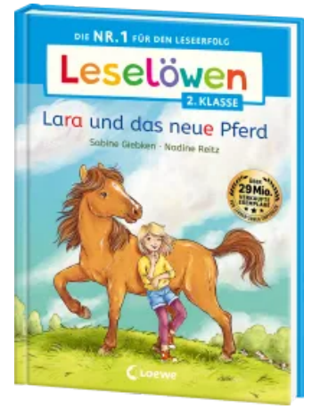
Reading Lions (Year 2) – Lara and the New Horse Hardcover
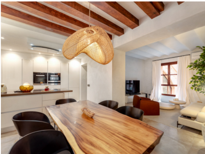
Dining area and kitchen
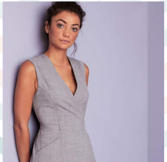
Linen Blend Wrap Tunic, Grey

EXERCISE
Omit the pictures, then output the rest of the listing exactly.

OUTPUT
Reading Lions (Year 2) – Lara and the New Horse Hardcover
Dining area and kitchen
Linen Blend Wrap Tunic, Grey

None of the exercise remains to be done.